**Work instructions**.
In the records below, begin at the line that has "Woman Within Plus" and stop after the line that has "7然后我们取一个容器,四周刷"; quote those lines verbatim and nothing more.

**Records shown**.
• • •

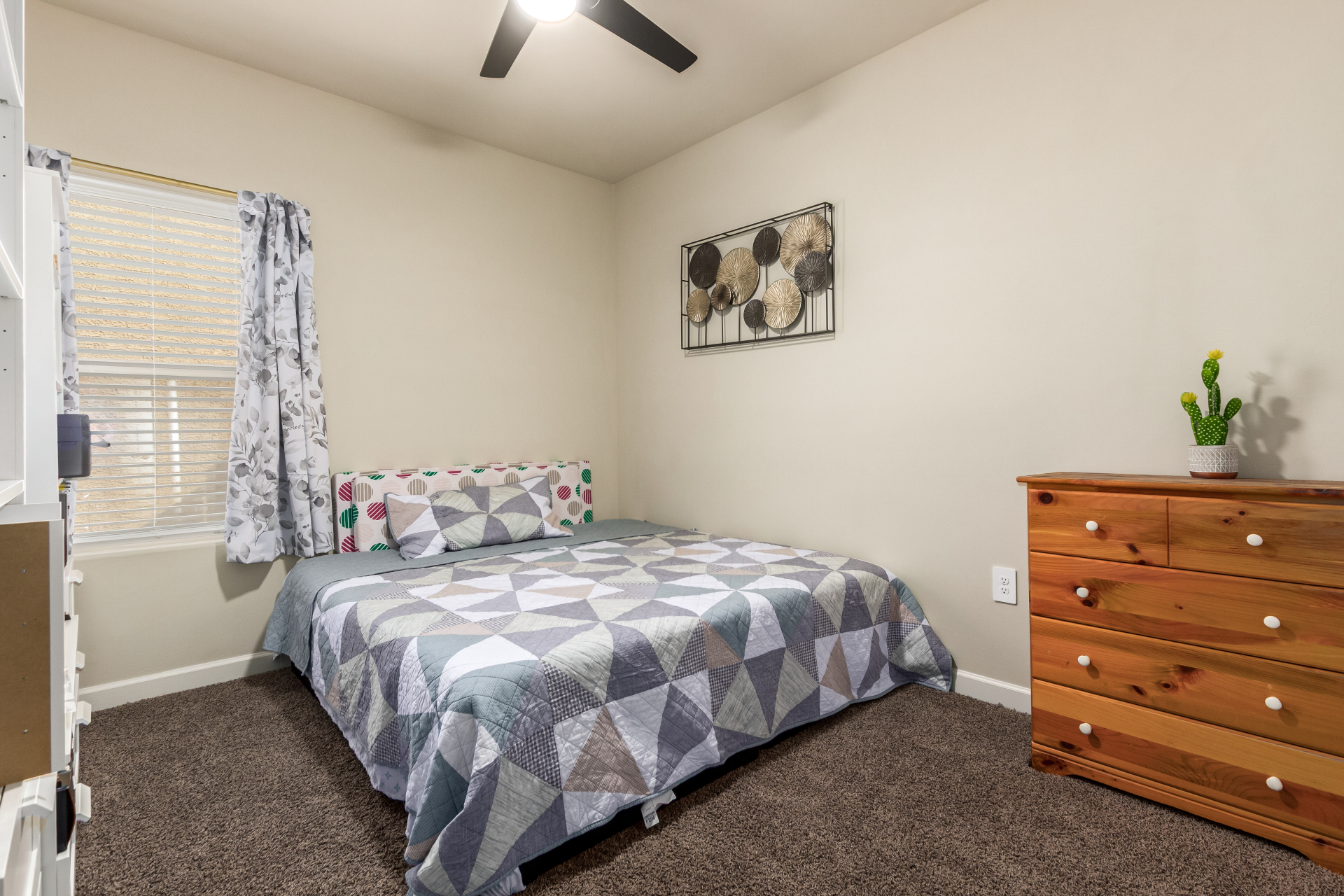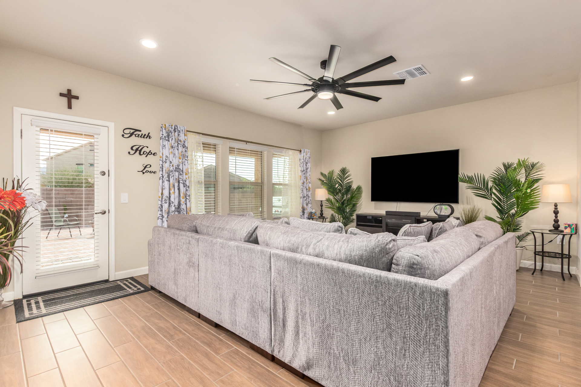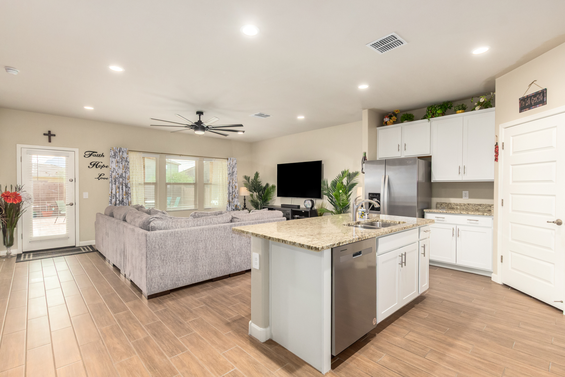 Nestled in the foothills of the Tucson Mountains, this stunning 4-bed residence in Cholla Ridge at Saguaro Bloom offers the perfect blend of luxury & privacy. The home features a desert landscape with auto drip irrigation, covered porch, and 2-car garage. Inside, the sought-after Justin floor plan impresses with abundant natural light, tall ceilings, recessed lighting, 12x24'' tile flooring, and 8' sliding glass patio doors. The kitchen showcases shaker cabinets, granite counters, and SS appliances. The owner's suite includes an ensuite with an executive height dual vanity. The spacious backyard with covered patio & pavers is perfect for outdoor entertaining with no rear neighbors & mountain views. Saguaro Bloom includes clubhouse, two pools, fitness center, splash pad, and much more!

• • •

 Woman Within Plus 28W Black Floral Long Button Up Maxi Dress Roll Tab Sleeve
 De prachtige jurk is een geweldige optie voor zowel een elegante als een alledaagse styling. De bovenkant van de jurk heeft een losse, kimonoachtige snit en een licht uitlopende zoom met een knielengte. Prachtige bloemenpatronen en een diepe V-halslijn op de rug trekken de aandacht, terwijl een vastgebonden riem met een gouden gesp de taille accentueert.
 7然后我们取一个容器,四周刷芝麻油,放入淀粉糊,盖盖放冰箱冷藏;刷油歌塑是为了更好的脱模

• • •

**Result of this task**.
 Woman Within Plus 28W Black Floral Long Button Up Maxi Dress Roll Tab Sleeve
 De prachtige jurk is een geweldige optie voor zowel een elegante als een alledaagse styling. De bovenkant van de jurk heeft een losse, kimonoachtige snit en een licht uitlopende zoom met een knielengte. Prachtige bloemenpatronen en een diepe V-halslijn op de rug trekken de aandacht, terwijl een vastgebonden riem met een gouden gesp de taille accentueert.
 7然后我们取一个容器,四周刷芝麻油,放入淀粉糊,盖盖放冰箱冷藏;刷油歌塑是为了更好的脱模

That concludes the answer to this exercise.